Methods: A multicenter randomized controlled trial was performed with 75 children aged 5 to 8 years who had femoral shaft fractures. Patients were randomly allocated to either the submuscular MIPO group or the conservative management group. The outcomes assessed were the duration until radiographic union occurred as well as the rate of complications.


Results: Radiographic union occurred more rapidly in the submuscular MIPO group. The MIPO group exhibited a reduced complication rate, reporting merely two instances of superficial wound infection. In contrast, the Thomas splint group encountered several complications, including malunion and limb length discrepancy, with four cases necessitating surgical intervention.

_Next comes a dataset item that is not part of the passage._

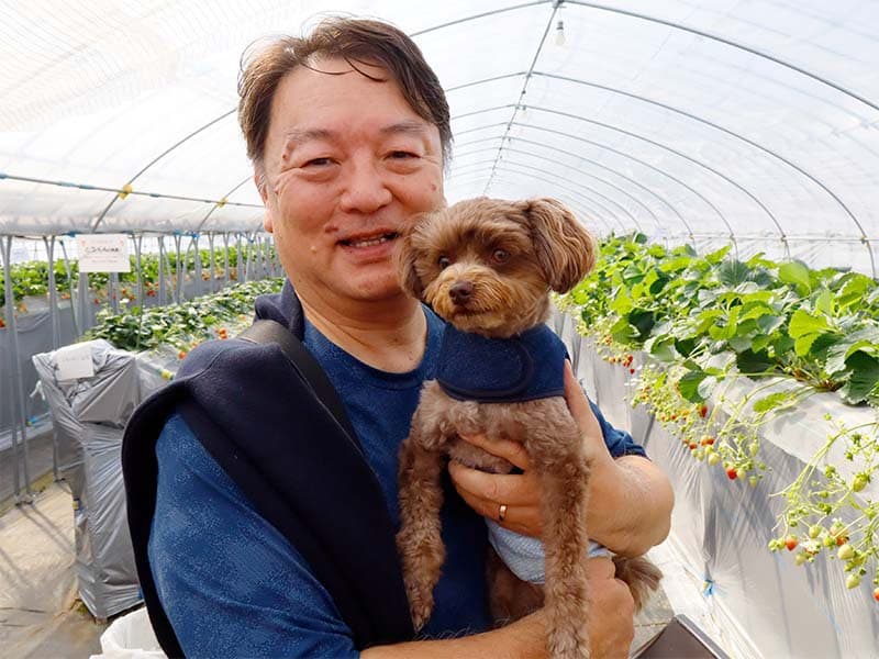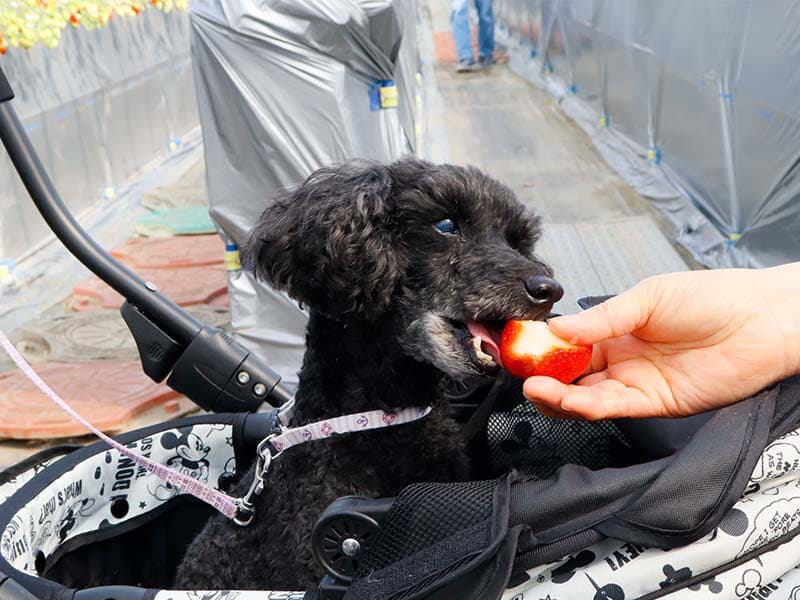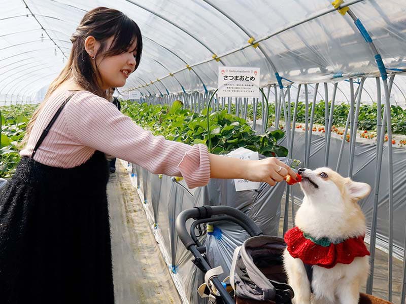当園は、わんちゃんと苺狩りできるハウスが有り、予約のお客様が苺を食べさせてあげていました。お聞きしてみると、苺が大好きな子も居れば、食べない子も居るんですね。貸し切りなので、ゆったり苺狩りを楽しんでください。

Conclusion: Submuscular MIPO provides considerable benefits compared to conservative management for femoral fractures in children aged 5 to 8 years. The earlier weight-bearing capacity, faster radiographic union and reduced complication rates render submuscular MIPO the treatment of choice for this demographic. Nonetheless, conservative management is a feasible option in environments with restricted surgical resources.


Key Words: Pediatric femoral fracture, Conservative, Thomas splint, Traction, Surgical intervention, MIPO


Level of Evidence: Level II, Randomized Controlled Trial.